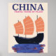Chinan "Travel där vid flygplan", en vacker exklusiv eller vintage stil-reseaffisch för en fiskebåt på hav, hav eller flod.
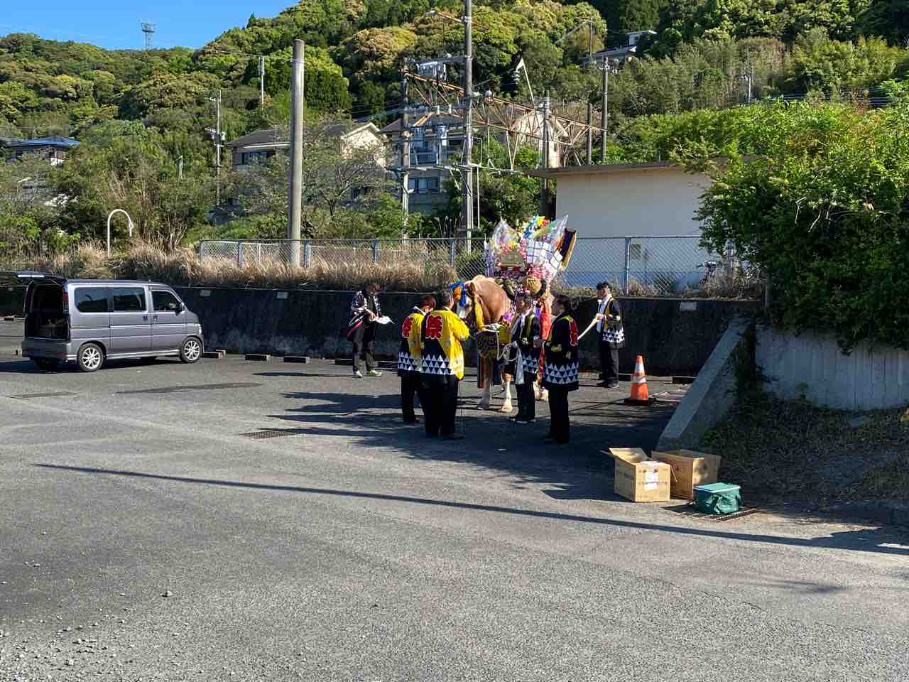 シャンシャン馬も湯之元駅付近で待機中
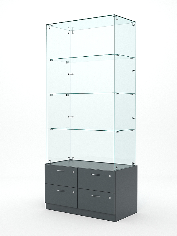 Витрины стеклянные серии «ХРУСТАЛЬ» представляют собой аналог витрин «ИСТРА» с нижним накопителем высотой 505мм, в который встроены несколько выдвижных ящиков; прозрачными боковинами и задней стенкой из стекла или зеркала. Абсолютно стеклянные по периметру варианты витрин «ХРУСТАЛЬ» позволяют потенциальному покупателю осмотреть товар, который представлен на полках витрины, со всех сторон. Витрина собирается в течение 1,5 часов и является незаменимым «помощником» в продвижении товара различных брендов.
* * * * *
Starting with the line that contains "シャンシャン馬も湯之元駅付近で待機中", reproduce every line to the end of the material above, both end lines included, exactly and with no pictures.

**Output**.
 シャンシャン馬も湯之元駅付近で待機中
 Витрины стеклянные серии «ХРУСТАЛЬ» представляют собой аналог витрин «ИСТРА» с нижним накопителем высотой 505мм, в который встроены несколько выдвижных ящиков; прозрачными боковинами и задней стенкой из стекла или зеркала. Абсолютно стеклянные по периметру варианты витрин «ХРУСТАЛЬ» позволяют потенциальному покупателю осмотреть товар, который представлен на полках витрины, со всех сторон. Витрина собирается в течение 1,5 часов и является незаменимым «помощником» в продвижении товара различных брендов.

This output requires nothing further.